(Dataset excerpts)
******************************

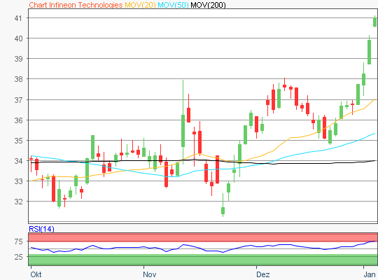 Zuletzt handelte die Infineon Aktie im Bereich rund um die 41,43 Euro Marke.
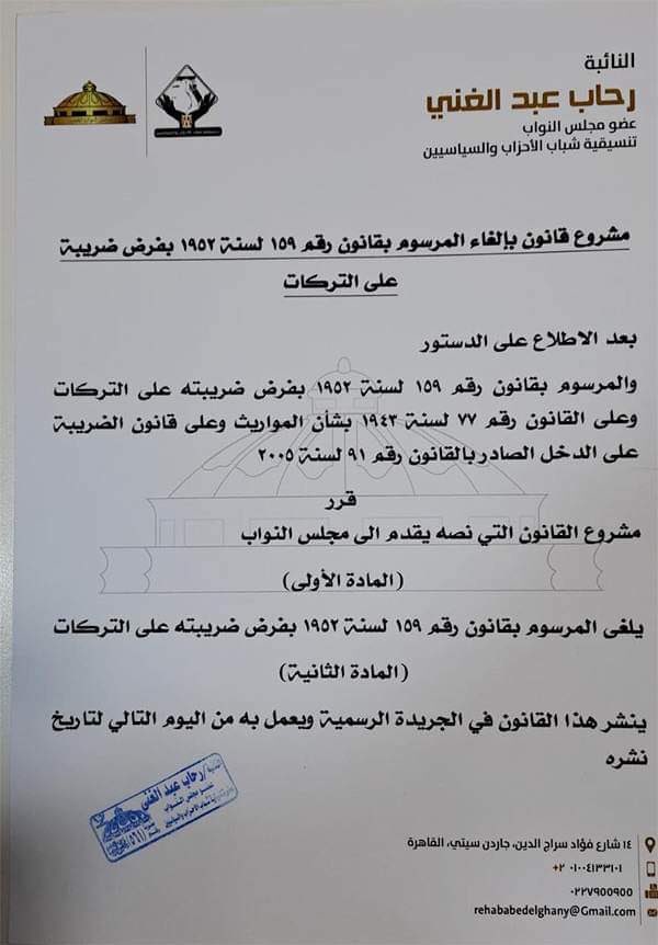 أعلنت اليوم النائبة رحاب عبد الغني، عضو مجلس النواب عن تنسيقية شباب الأحزاب والسياسيين، عن تقدمها بمشروع لإلغاء الرسوم بالقانون رقم 159 لسنة 1952 بفرض ضريبة على التركات.
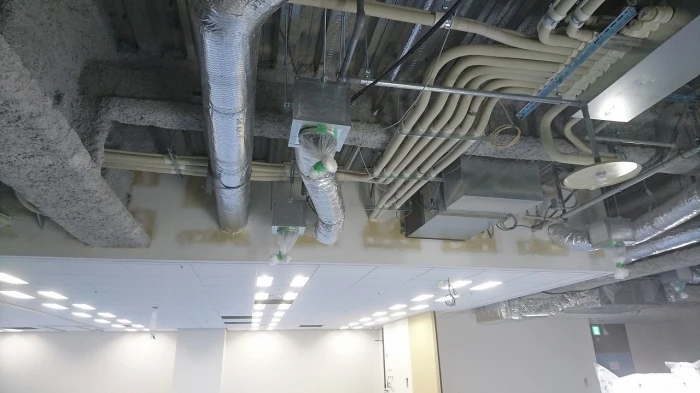 天井の種類はビルによってコンクリートのスラブが出てくるところと、金物の構造体のデッキスラブが出てくるビルがあります。
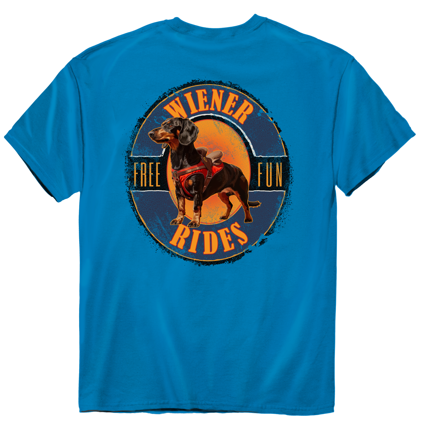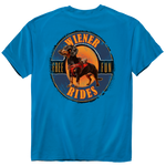 American Fido Collection ' Wiener Rides' 100% Ringspun Cotton T-Shirt in Sapphire Blue
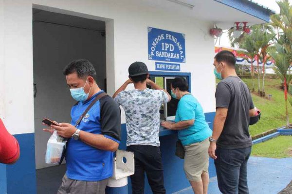 (山打根12日讯)大批山打根民众赶在80%折扣优惠的最后一天,涌往根警区总部排队缴付交通罚单,导致大排长龙,人龙一路从警局交警部内排到警局外,长达超过300公尺。

******************************

Task prompt:
In the data above, please extract the lines from the first one through the line with "American Fido Collection", exactly, and keep pictures out.

Expected output:
 Zuletzt handelte die Infineon Aktie im Bereich rund um die 41,43 Euro Marke.
 أعلنت اليوم النائبة رحاب عبد الغني، عضو مجلس النواب عن تنسيقية شباب الأحزاب والسياسيين، عن تقدمها بمشروع لإلغاء الرسوم بالقانون رقم 159 لسنة 1952 بفرض ضريبة على التركات.
 天井の種類はビルによってコンクリートのスラブが出てくるところと、金物の構造体のデッキスラブが出てくるビルがあります。
 American Fido Collection ' Wiener Rides' 100% Ringspun Cotton T-Shirt in Sapphire Blue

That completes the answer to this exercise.